Everything I love about a good romance
5
By ficcentral
Riley Banks has been waiting for a break, a way to put her fashion design degree to use ever since school ended. But in an industry more about who you know than what you know, she was beginning to lose hope — Until Josh Braden, the crush from her teen years turned top designer, took notice of her designs. Only now that she has a chance at his design company, she needs to be noticed for what she can do, not who she can’t take her eyes off.
Josh Braden could get any woman in New York that he wants, but that’s the problem. He doesn’t want any of them. He wants the girl from back home, the one comfortable in jeans and boots, the one whose design portfolio blew him away. Hiring her is the best decision he’s made in a long time, and being her boss won’t stop him from pursuing something more with her. But in the cutthroat world of fashion design, her shot at a career could be ruined if everyone finds out she’s sleeping with the boss.
The Verdict: You know, I had my doubts that Josh could live up to the ultimate man’s man that Rex was in the last book, but I should have known better. Put him in an Armani suit, and he’s sex on legs, of course. And I probably shouldn’t have been surprised that Friendship on Fire served up the jealous other woman bit without falling into a pit of cliches.
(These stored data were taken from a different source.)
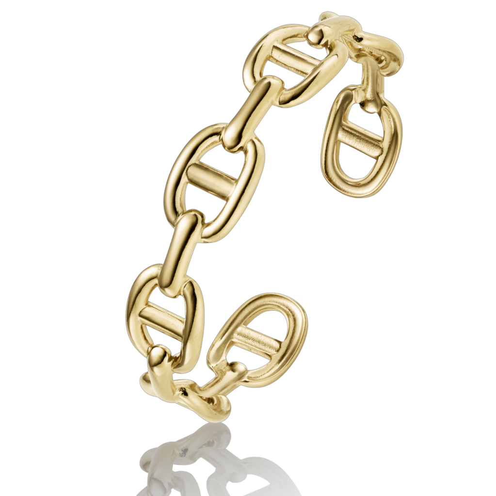 Åben armbøjle i forgyldt stål med markante, formstøbte led. Hvert led har en oval facon med tværgående stang, hvilket skaber et karakteristisk og sammenhængende udtryk. Armbåndet er stift men fleksibelt nok til nem påtagning. Overfladen er blank og glat. Fremstillet i vandfast stål, der er modstandsdygtigt overfor både sved, sæbe og vand.
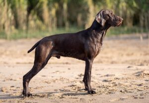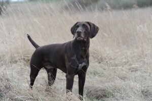 Jäger ist ein dunkelbrauner Rüde des Mittelschlages mit Adel, trocknen Hals dunklen Augen und gut
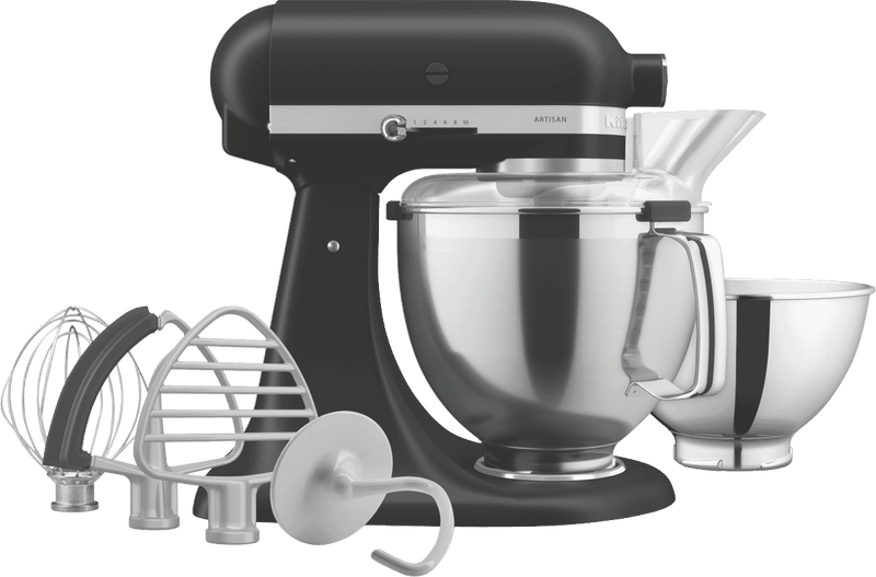 The KSM195 KitchenAid Artisan Series Tilt-Head Stand Mixer with Premium Accessory Pack has the capacity and tools for every occasion. This model includes both a 2.8L and 4.7L bowl, so you can do more - mix up batter in one and then whip up a silky frosting in the other. In addition, the exclusive accessory pack includes a flex edge beater, pastry beater, dough hook, wire whip and redesigned secure fit pouring shield. This durable tilt-head stand mixer was built to take it all on, and features 10 speeds to gently knead, thoroughly mix and whip ingredients for a wide variety of recipes

Riley isn’t what people might think of as a typical New Yorker, and she doesn’t fit the stereotype for being in the fashion industry. She’s certainly not a large girl, but she’s not stick-thin, either, and that makes her a bit self-conscious around edgier, cooler, thinner people. But she’s not about to change who she is, and while self-conscious, she doesn’t give into any shame, and that’s what makes her stand out to Josh.
The way he sees her is simply beautiful. She’s the girl he stared at from afar all through school, and he still sees her that way now. At the same time, he sees her as different from everyone he’s surrounded by in New York, and her giddy excitement over her new career in fashion coupled with her low-maintenance attitude makes it impossible for him to keep his feelings to himself.
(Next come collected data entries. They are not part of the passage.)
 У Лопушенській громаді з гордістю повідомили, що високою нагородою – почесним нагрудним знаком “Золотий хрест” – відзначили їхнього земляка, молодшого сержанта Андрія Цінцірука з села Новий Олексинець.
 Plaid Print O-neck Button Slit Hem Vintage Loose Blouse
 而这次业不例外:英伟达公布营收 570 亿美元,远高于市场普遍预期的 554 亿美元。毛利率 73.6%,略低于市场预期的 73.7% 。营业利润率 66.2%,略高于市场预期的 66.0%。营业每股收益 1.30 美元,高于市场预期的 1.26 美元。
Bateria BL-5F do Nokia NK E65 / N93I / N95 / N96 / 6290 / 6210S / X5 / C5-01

I was also pleasantly surprised by the Claudia angle. She was the jealous ice queen who wanted Josh for herself, manipulative and condescending, and she didn’t hesitate to underhandedly try to ruin Riley. But with as much hell as she threw at them, Josh and Riley surprised me by taking a different path than I usually see in stories that include this little twist. Where most would have some blowout misunderstanding, complete with unbelievable miscommunication and utter failure to act like mature adults, there were no tantrums here. Sure, there were hurt feelings and a step back, but it was all written so perfectly that I couldn’t fault either of the characters for their actions.
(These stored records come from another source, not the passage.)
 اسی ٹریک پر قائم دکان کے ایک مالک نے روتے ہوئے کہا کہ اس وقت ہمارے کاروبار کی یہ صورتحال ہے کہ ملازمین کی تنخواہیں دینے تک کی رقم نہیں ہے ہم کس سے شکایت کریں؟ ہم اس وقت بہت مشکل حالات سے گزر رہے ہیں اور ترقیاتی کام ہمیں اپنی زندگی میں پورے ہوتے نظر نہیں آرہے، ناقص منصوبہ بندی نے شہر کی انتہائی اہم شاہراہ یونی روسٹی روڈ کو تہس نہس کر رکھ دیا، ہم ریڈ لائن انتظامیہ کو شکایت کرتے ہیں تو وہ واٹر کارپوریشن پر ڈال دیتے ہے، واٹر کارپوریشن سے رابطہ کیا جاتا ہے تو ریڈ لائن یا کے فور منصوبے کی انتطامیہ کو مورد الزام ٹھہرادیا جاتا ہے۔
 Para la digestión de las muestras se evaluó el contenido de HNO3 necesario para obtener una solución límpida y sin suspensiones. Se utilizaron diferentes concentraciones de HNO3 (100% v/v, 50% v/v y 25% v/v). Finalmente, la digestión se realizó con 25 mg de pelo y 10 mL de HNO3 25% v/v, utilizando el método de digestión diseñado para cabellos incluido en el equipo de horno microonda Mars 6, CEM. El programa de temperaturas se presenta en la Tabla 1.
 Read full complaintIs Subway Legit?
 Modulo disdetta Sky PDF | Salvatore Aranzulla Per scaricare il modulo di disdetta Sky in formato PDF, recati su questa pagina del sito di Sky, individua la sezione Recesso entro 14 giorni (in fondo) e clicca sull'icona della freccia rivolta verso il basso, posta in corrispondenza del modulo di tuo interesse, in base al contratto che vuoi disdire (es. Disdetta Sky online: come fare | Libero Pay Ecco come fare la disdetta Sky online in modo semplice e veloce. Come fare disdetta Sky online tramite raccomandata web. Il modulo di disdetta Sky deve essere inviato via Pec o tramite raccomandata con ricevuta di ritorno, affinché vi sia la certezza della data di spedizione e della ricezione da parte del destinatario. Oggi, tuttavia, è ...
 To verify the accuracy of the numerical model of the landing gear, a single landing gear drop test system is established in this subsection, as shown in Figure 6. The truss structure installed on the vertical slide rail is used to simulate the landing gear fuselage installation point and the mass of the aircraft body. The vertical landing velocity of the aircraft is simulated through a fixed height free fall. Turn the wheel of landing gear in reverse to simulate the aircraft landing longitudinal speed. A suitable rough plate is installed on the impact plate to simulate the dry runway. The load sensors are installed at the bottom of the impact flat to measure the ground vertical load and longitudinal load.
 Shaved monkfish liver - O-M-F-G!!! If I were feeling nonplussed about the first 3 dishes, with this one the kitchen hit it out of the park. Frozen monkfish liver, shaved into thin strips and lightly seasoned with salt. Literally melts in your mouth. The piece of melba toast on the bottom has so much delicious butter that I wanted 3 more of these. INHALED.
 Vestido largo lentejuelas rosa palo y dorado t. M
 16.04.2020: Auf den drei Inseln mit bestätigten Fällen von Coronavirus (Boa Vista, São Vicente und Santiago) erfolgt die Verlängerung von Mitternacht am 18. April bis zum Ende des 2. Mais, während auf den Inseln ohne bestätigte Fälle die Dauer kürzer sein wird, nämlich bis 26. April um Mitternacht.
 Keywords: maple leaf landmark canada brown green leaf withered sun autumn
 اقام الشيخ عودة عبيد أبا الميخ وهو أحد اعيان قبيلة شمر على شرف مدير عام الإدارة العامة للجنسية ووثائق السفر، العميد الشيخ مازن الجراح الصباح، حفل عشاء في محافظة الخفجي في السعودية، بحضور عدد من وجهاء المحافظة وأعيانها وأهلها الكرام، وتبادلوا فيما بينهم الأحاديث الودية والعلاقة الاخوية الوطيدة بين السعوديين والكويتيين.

There’s a way that Melissa Foster writes all these stories that make them all so different from each other, but at the same time, I can count on being surprised, meeting entirely different characters in different situations, and still loving them just as much. In Friendship on Fire, we see Riley and Josh’s flirtation in Destined for Love become a full-on romance. When I expected them to take it slow, they didn’t; when I expected them to rush headlong, they held back. And when I expected the jealousy and mistrust to rip them apart, they handled it not like most characters in romances, but more like all us non-fictional people would have. There was hurt, there was angst, and there was communication to set things right. And I think that’s what I love most about all these books. The entire Love in Bloom series takes everything I love about a good romance novel and serves it up the way few authors can.